ВСЕ ПРОСТО, ПРОСТИТЕ:
любовь есть изгнанье босых китаянок, иначе не творчество — грех.
Босые листья
Мой дом стоял, как пять столбов, на холме с зеркалами.
Топилась печь, холод хорош, а стекла-ртуть зачем-то запотевали.
Как говорится, грусть моя не светла, направо дверь-дурь белела.
Да в жилах кровь, как мыльный конь, к пункту Б бежала.
«Конь-кровь», — я думал, — какие в сущности рифмы смысла?
«Грусть в горсть», — как воду из водопада! — иссякла сила.
Сад, как и после, опять опал.
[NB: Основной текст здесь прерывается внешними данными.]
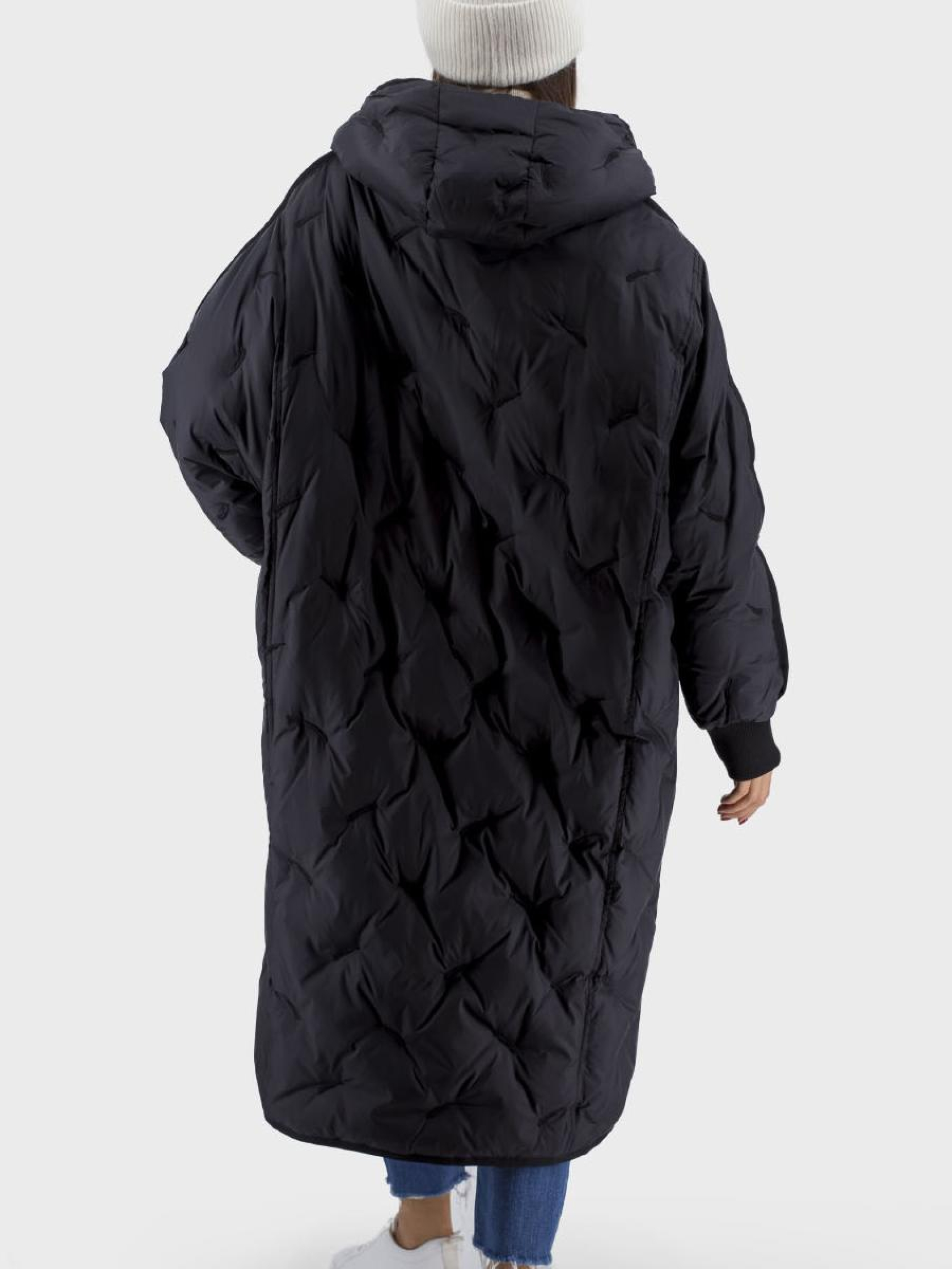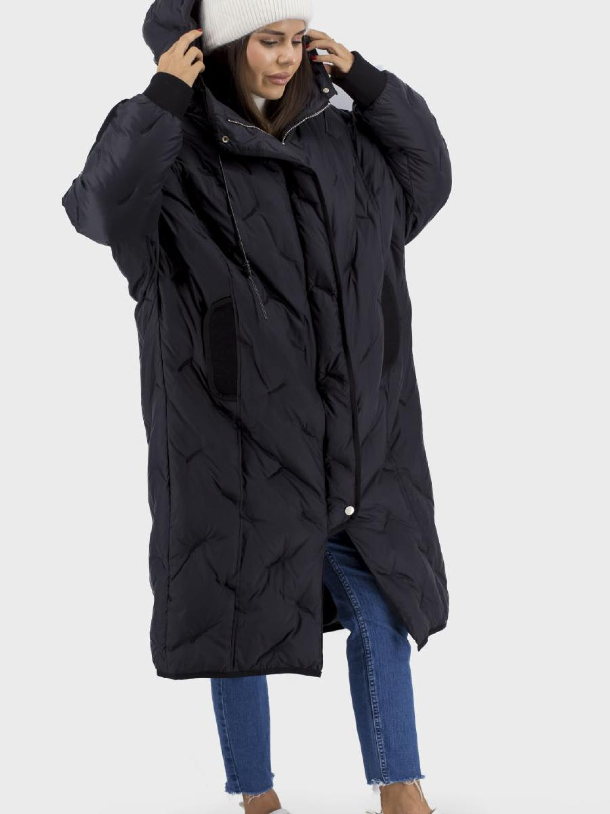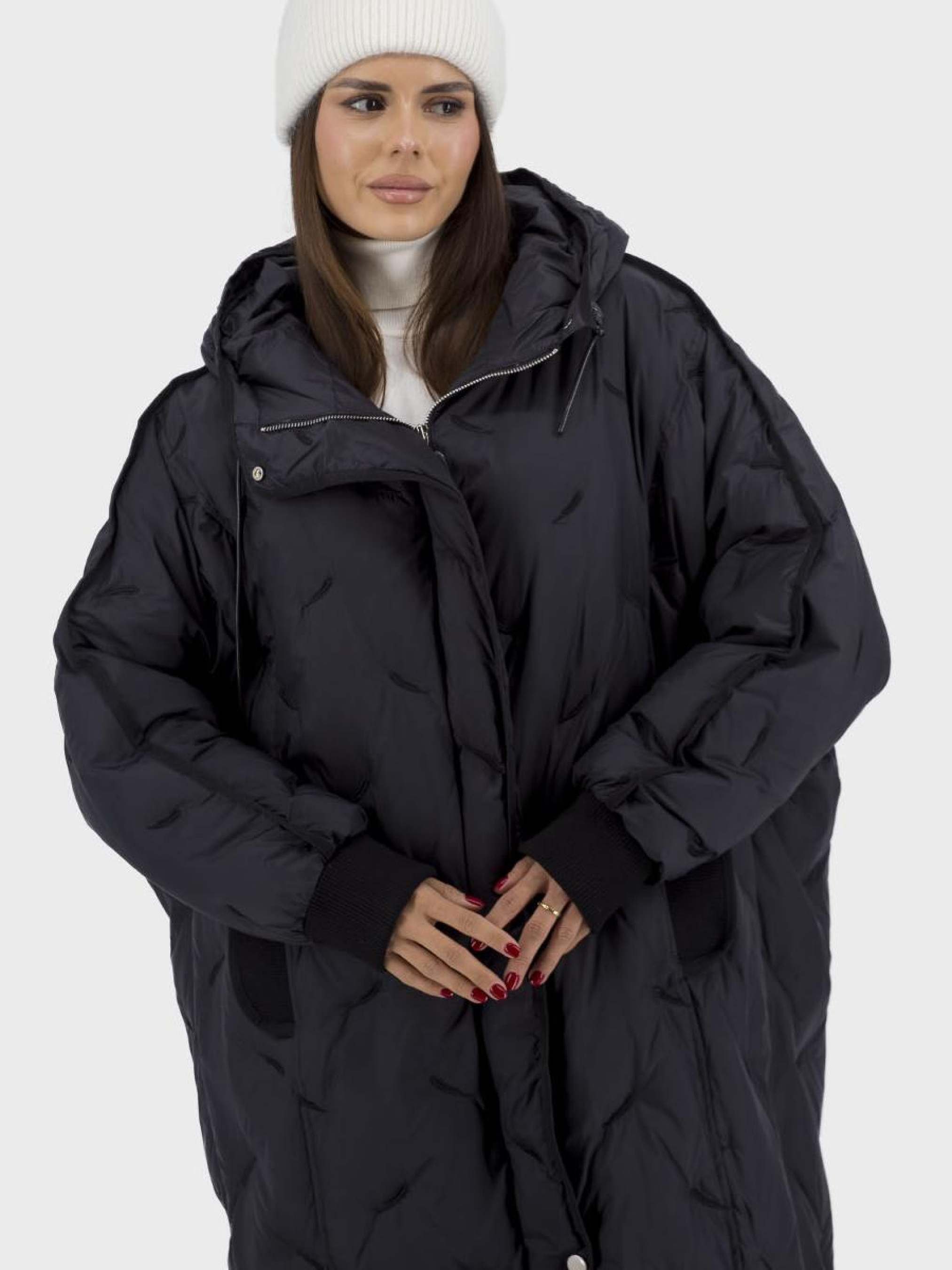 Универсальный женский пуховик, стильный выбор для осени, зимы и весны, сочетающий комфорт, тепло и современный дизайн. Выполнен из высококачественного материала: подкладка из полиэстера, утеплитель – гусиное перо и пух, которые обеспечивают отличную термоизоляцию. Созданный в стиле casual и спортивном стиле, этот пуховик имеет однотонный черный цвет, идеален для сочетания с разными образами. Длинный рукав типа "летучей мыши" и спущенный, придают модели оригинальности, а отделочный шов придает изысканности. Застегивается на молнию и кнопки, оснащенный несъемным капюшоном и функциональными карманами. Силуэт оверсайз "бочонок" дарит свободу движений и уют в прохладные дни.

Но листья почему-то не улетали.
Ходили вокруг дома, как воры-расстриги, как будто с холма
Кремль увидали.
Босиком, как скитальцы, они стояли на крыльце из цементу.
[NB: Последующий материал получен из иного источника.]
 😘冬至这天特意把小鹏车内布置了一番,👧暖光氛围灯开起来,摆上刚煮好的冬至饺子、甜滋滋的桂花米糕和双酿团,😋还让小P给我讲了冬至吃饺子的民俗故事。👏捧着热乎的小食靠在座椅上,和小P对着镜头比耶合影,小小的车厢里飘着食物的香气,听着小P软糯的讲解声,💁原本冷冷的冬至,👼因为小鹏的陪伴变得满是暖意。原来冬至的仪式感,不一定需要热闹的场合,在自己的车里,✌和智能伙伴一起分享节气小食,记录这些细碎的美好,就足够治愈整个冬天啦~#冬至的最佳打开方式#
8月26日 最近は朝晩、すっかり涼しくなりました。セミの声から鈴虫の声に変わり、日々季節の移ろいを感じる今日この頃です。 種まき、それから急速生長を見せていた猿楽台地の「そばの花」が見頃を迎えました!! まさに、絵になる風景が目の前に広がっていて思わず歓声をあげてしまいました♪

Комары-мухи их не кусали: обуви на них нету.
Я не гостеприимец… Взошла, как водится, луна: как в
крестьянской балладе — свекла.
Да дверь раскрылась, как от крыльев!.. Свистали стекла!
«Не гаси, не гаси…»
Не гаси, не гаси наш треног:
мотылькам не помочь у огня.
За окном туман-море тревог:
не гости, не гости у окна.
Не грусти, не грусти… Но ни грез,
ни иголки до завтрего дня.
К потолку наш треножник примерз:
эта лампа не греет меня.
О не греет, а грозно горит!
Мне не надо ни дна, ни вина…
Даже голосом не говорит
эта комнатная не луна!
Дельфиец
Я собираю мраморные свечи
рукой у Спарты в смертную суму.
Ведь были слишком солнечные сутки:
грибницам — гибель… Нечего к столу.
Как поводырь, кружу себя по лесу,
ищу клюкой… Но чужд и лесу я:
повесил арфу где-то… Про поэму
чуть шелестят у листьев лезвия.
Я признаюсь: я нищ, но не безумец,
но не Тиртей у хора. Я илот.
Я знаю время: месяц-безымянец…
Стою, — не спрятаться. — Стой, кто идет?
Из-за стволов шагает в шлемах юность:
тельцы фитидий, в кисти по мечу,
гул у голов у них у легких емкость:
— Ты вышел в день у леса. Почему?
— Я собираю мраморные свечи.
А потому, что Аполлон угрюм…
— Ты нам известен. Где же арфа, старче?
Ты выйди в ночь в лесу и мы убьем.
— Меж двух дубов с вершиной в форме альфа…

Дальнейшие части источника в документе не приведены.